Reproduce everything from the line that contains "This bag is" down to the line that contains "2 Corinthians. Most" in the listing below, word for word and nothing more. Leave the pictures out.

→ RECORD EXTRACTS
+---+
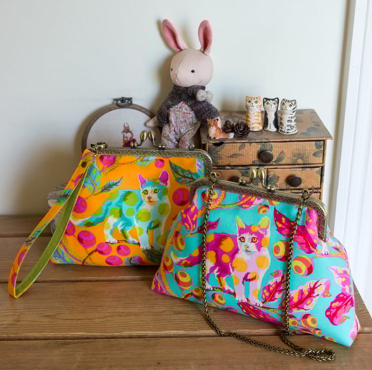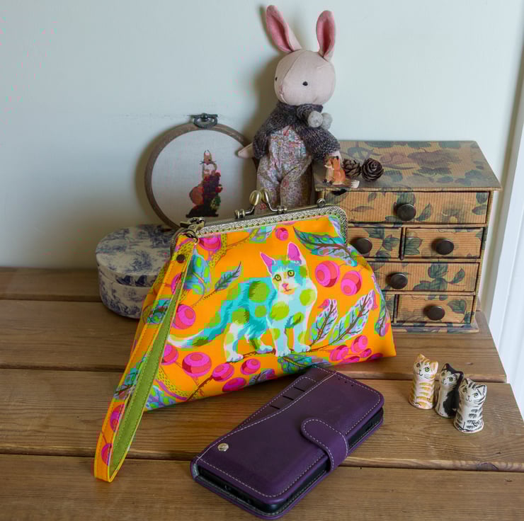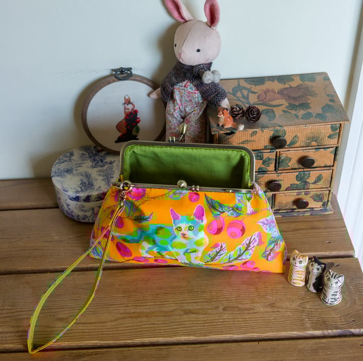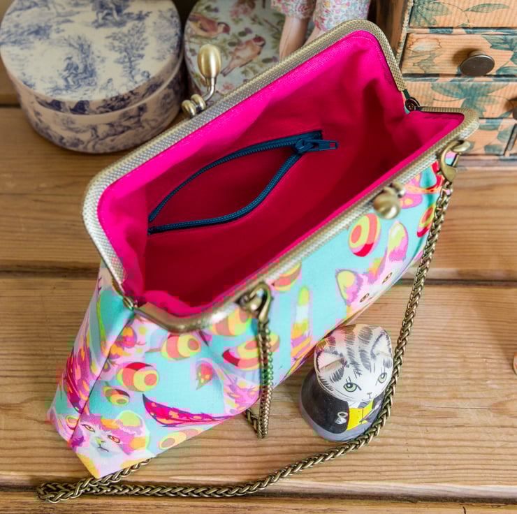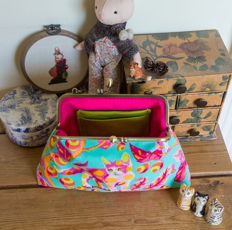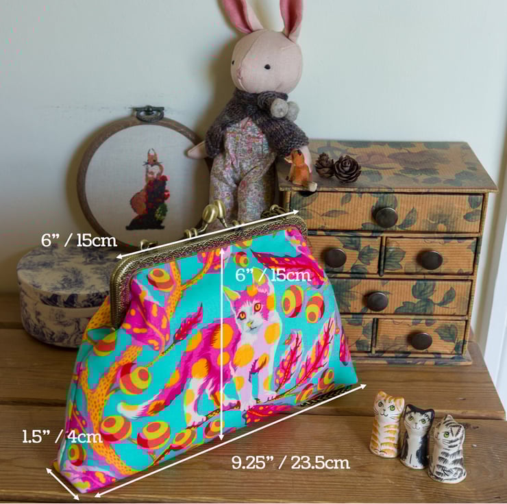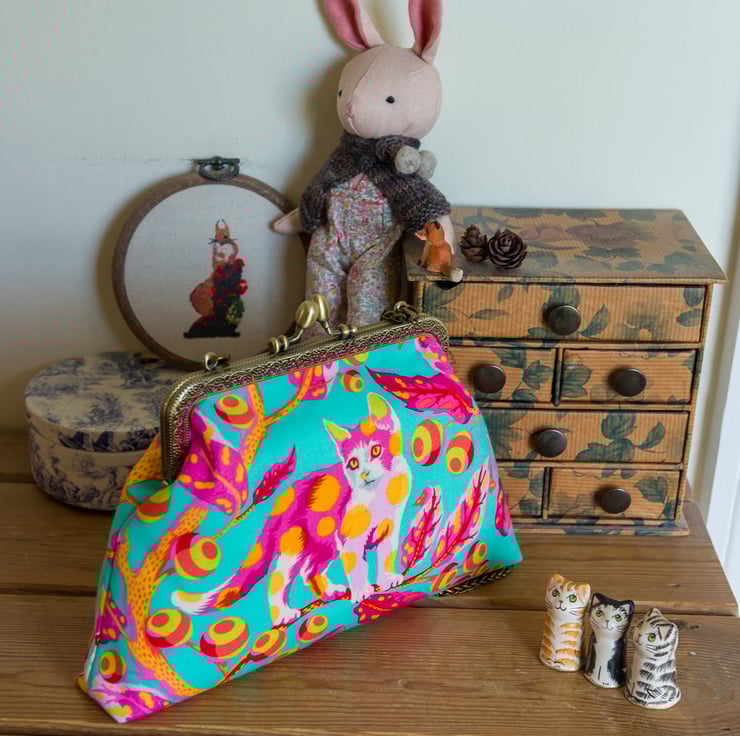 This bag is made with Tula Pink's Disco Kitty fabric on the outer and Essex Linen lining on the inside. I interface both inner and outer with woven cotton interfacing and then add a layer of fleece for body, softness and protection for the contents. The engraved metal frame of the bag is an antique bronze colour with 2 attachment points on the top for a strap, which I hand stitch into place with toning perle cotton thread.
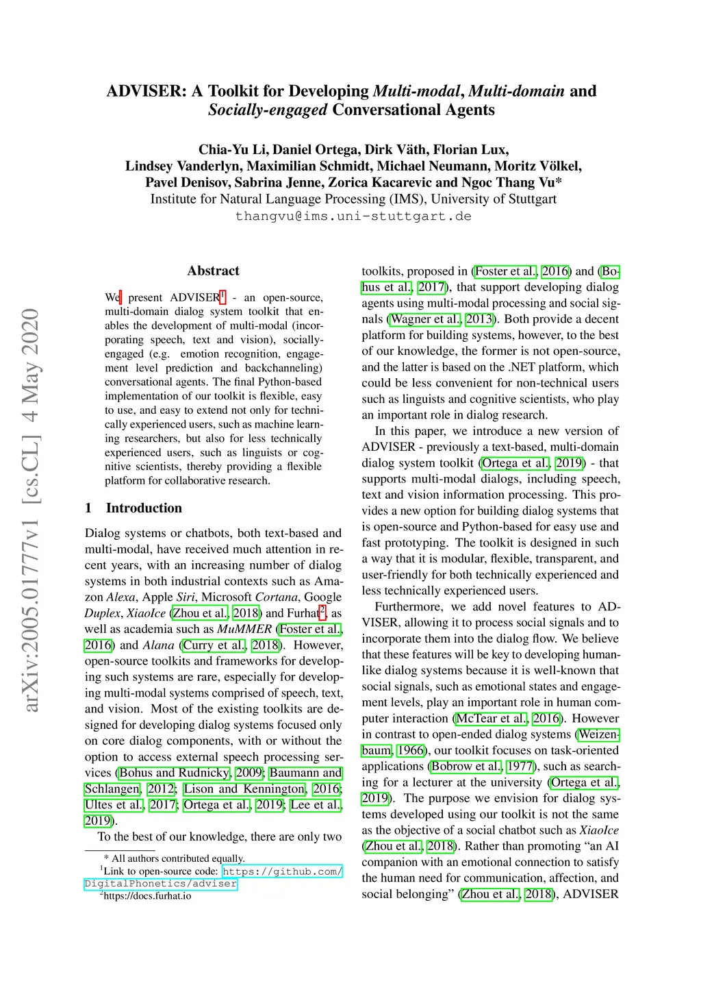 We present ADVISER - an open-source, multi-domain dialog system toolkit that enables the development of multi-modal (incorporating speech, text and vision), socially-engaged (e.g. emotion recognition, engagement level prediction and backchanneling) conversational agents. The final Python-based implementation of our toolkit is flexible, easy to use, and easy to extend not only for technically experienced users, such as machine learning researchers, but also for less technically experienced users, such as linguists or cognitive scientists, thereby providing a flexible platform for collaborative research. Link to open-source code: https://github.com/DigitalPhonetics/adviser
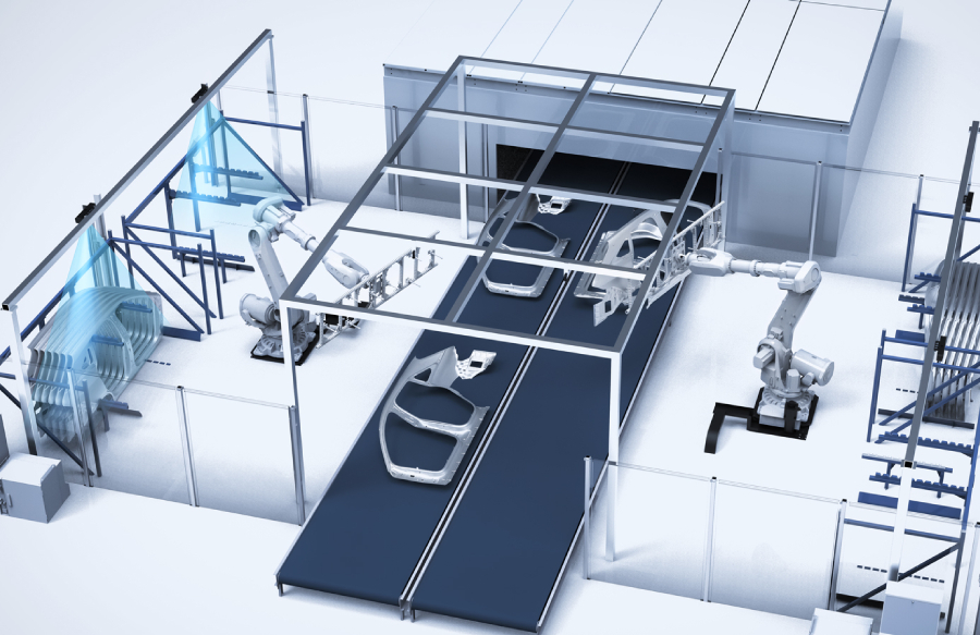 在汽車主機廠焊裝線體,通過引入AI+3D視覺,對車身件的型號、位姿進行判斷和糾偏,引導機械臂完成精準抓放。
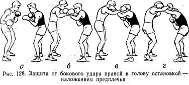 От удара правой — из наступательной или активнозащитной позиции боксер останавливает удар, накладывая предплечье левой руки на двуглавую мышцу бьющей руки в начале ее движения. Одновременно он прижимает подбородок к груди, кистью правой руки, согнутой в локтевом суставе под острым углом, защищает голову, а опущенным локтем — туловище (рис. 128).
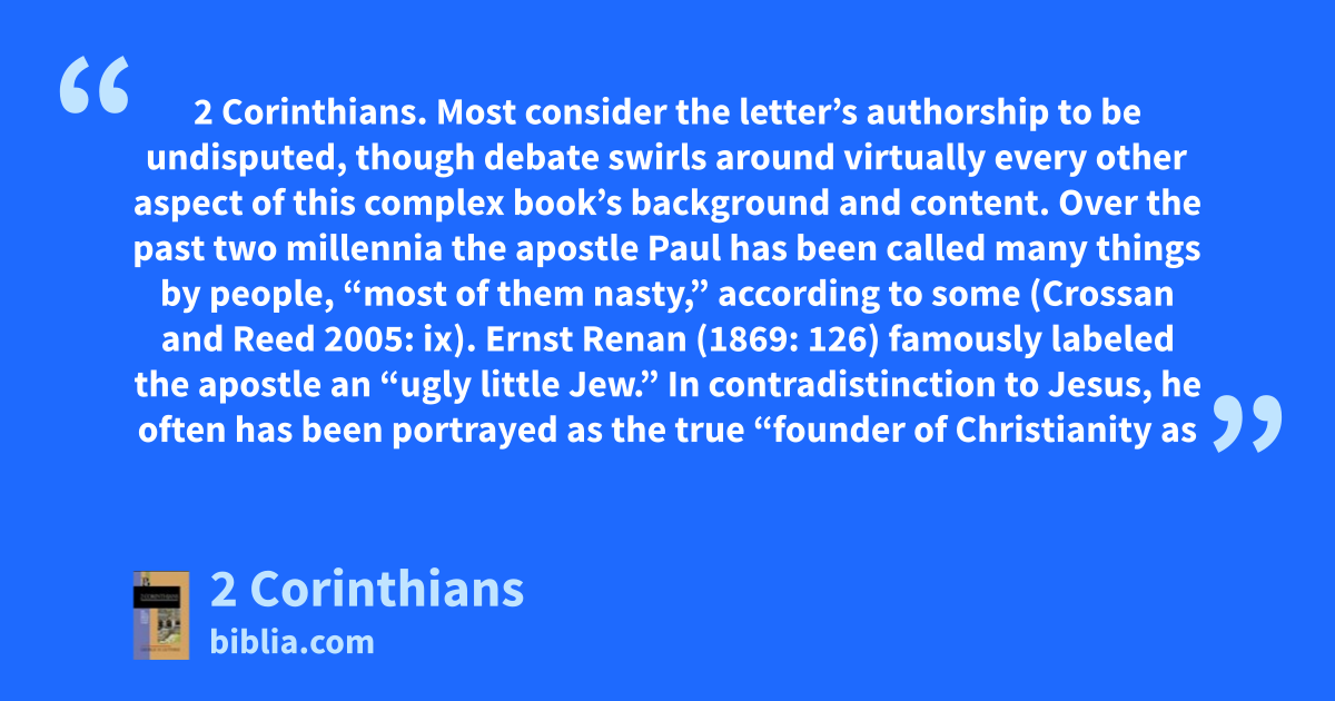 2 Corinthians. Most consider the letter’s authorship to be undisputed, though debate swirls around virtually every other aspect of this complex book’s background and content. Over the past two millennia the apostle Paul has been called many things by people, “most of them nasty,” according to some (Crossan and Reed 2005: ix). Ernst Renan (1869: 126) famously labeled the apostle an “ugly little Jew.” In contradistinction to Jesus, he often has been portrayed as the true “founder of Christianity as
+---+
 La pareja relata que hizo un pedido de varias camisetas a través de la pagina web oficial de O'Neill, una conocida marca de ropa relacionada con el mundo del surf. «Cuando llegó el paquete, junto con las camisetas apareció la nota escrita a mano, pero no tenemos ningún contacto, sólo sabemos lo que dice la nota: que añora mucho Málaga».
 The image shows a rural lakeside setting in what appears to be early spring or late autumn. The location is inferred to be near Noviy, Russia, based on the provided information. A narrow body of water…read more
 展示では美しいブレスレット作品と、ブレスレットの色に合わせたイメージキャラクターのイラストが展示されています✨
+---+
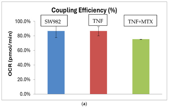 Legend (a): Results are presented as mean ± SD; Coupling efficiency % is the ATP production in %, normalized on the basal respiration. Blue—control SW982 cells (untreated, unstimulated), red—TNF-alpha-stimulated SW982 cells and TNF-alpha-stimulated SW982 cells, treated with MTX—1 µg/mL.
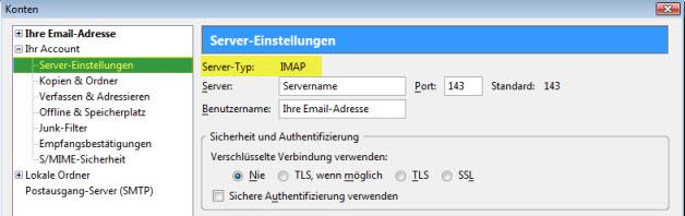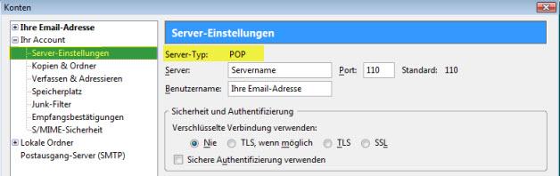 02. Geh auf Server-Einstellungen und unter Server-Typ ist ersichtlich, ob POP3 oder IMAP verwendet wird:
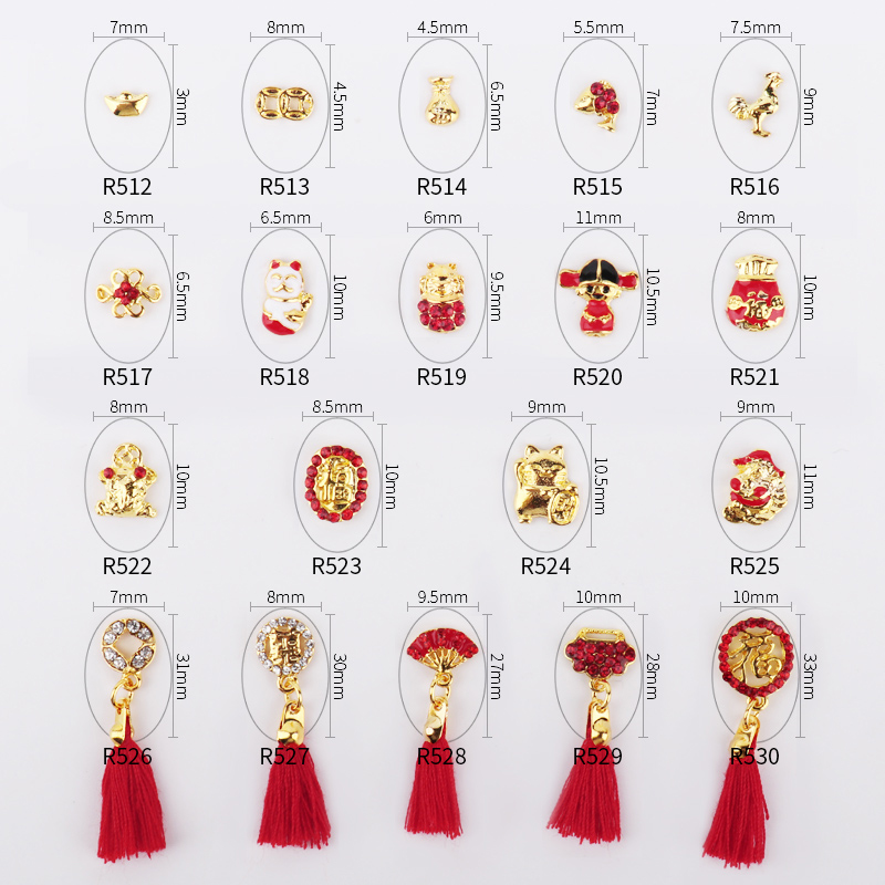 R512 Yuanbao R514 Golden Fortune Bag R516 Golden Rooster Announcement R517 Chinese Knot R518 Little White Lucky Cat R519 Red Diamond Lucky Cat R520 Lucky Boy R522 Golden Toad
+---+
→ WORKED SOLUTION
 This bag is made with Tula Pink's Disco Kitty fabric on the outer and Essex Linen lining on the inside. I interface both inner and outer with woven cotton interfacing and then add a layer of fleece for body, softness and protection for the contents. The engraved metal frame of the bag is an antique bronze colour with 2 attachment points on the top for a strap, which I hand stitch into place with toning perle cotton thread.
 We present ADVISER - an open-source, multi-domain dialog system toolkit that enables the development of multi-modal (incorporating speech, text and vision), socially-engaged (e.g. emotion recognition, engagement level prediction and backchanneling) conversational agents. The final Python-based implementation of our toolkit is flexible, easy to use, and easy to extend not only for technically experienced users, such as machine learning researchers, but also for less technically experienced users, such as linguists or cognitive scientists, thereby providing a flexible platform for collaborative research. Link to open-source code: https://github.com/DigitalPhonetics/adviser
 在汽車主機廠焊裝線體,通過引入AI+3D視覺,對車身件的型號、位姿進行判斷和糾偏,引導機械臂完成精準抓放。
 От удара правой — из наступательной или активнозащитной позиции боксер останавливает удар, накладывая предплечье левой руки на двуглавую мышцу бьющей руки в начале ее движения. Одновременно он прижимает подбородок к груди, кистью правой руки, согнутой в локтевом суставе под острым углом, защищает голову, а опущенным локтем — туловище (рис. 128).
 2 Corinthians. Most consider the letter’s authorship to be undisputed, though debate swirls around virtually every other aspect of this complex book’s background and content. Over the past two millennia the apostle Paul has been called many things by people, “most of them nasty,” according to some (Crossan and Reed 2005: ix). Ernst Renan (1869: 126) famously labeled the apostle an “ugly little Jew.” In contradistinction to Jesus, he often has been portrayed as the true “founder of Christianity as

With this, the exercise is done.